In 1927, the celebrated picture of the year Morning by Dod Procter was bought by the Daily Mail for the Tate Gallery.
In 1927, Rothermere, under the influence of his Hungarian mistress, Countess Stephanie von Hohenlohe, took up the cause of Hungary as his own, publishing a leader on 21 June 1927 entitled "Hungary's Place in the Sun". In "Hungary's Place in the Sun", he approvingly noted that Hungary was dominated both politically and economically by its "chivalrous and warlike aristocracy", whom he noted in past centuries had battled the Ottoman Empire, leading him to conclude that all of Europe owned a profound debt to the Hungarian aristocracy which had been "Europe's bastion against which the forces of Mahomet vainly hurled themselves against". Rothermere argued that it was unjust that the "noble" Hungarians should be under the rule of "cruder and more barbaric races", by which he meant the peoples of Romania, Czechoslovakia and Yugoslavia. In his leader, he advocated that Hungary retake all of the lands lost under the Treaty of Trianon, which caused immediate concern in Yugoslavia, Czechoslovakia and Romania, where it was believed that his leader reflected British government policy. Additionally, he took up the cause of the Sudeten Germans, stating that the Sudetenland should go to Germany. The Czechoslovak Foreign Minister Edvard Beneš was so concerned that he visited London to meet King George V, a man who detested Rothermere and used language that was so crude, vulgar and "unkingy" that Beneš had to report to Prague that he could not possibly repeat the king's remarks. Rothermere's "Justice for Hungary" campaign, which he continued until February 1939, was a source of disquiet for the Foreign Office, which complained that British relations with Czechoslovakia, Yugoslavia and Romania were constantly stained as the leaders of those nations continued to harbour the belief that Rothermere was in some way speaking for the British government.
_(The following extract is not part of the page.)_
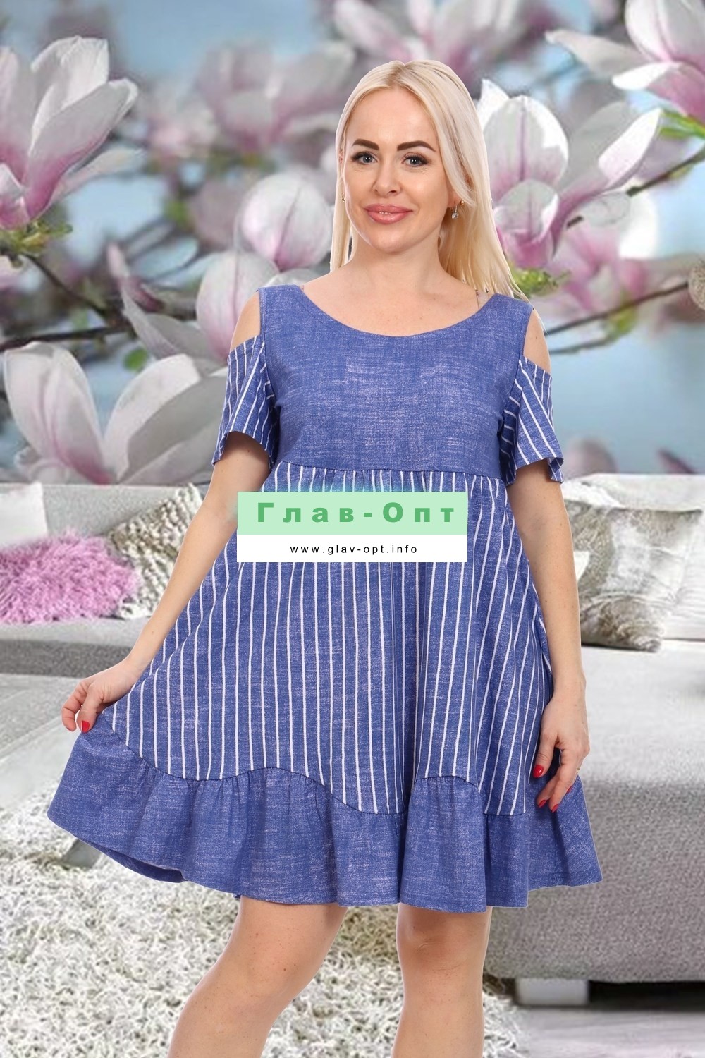 Платье женское молодежное, к низу расширенное, отрезное выше линии талии. Полочка, спинка и волан внизу из однотонной ткани, нижняя часть платья и рукав из ткани-компаньона в полоску.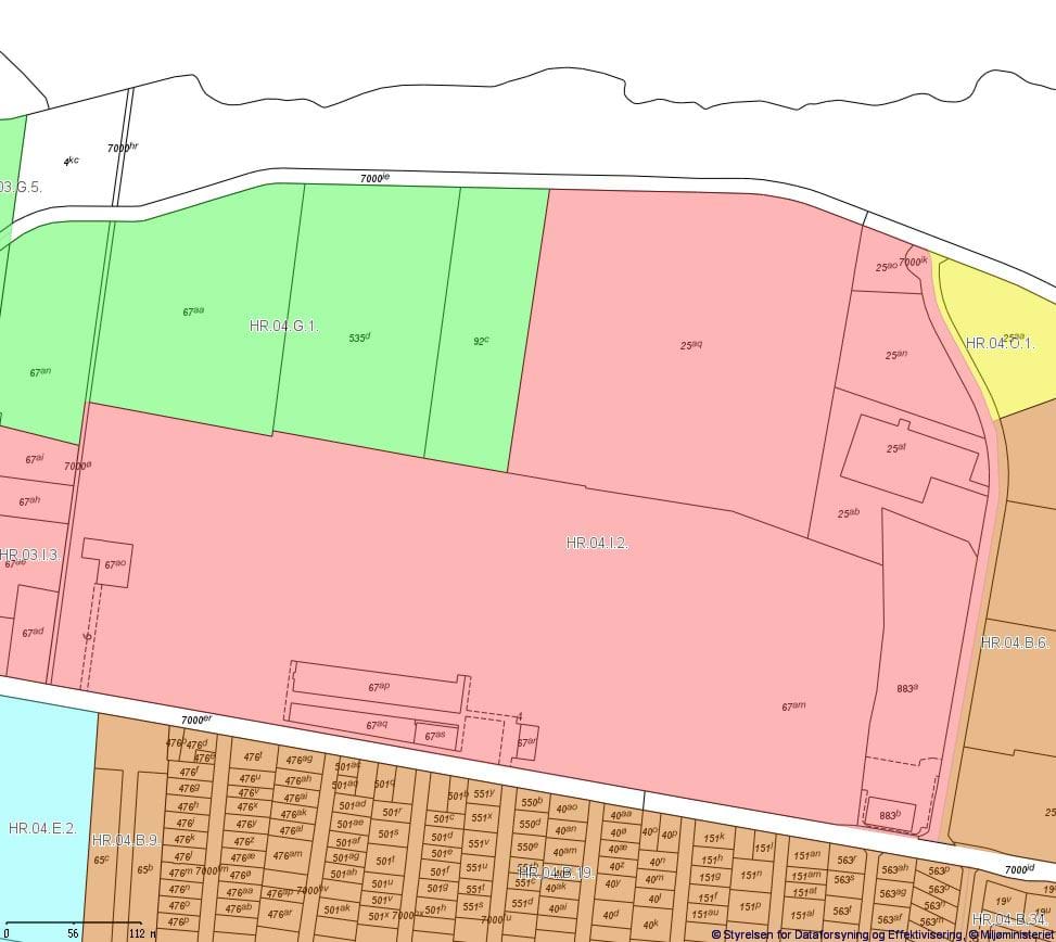 Eksisterende kommuneplanramme HR.04.I.2 - blandet bolig og erhverv (det lyserøde felt)

One of the major themes of The Daily Mail was the opposition to the Indian independence movement and much of Rothermere's opposition to Baldwin was based upon the belief that Baldwin was not sufficiently opposed to Indian independence. In 1930, Rothermere wrote a series of leaders under the title "If We Lose India!", claiming that granting India independence would be the end of Britain as a great power. In addition, Rothermere predicted that Indian independence would end worldwide white supremacy as inevitably, the peoples of the other British colonies in Asia, Africa, and the Americas would also demand independence. The decision of the Labour Prime Minister Ramsay MacDonald to open the Round Table Conferences in 1930 was greeted by The Daily Mail as the beginning of the end of Britain as a great power. As part of its crusade against Indian independence, The Daily Mail published a series of articles portraying the peoples of India as ignorant, barbarous, filthy and fanatical, arguing that the Raj was necessary to save India from the Indians, whom The Daily Mail argued were not capable of handling independence.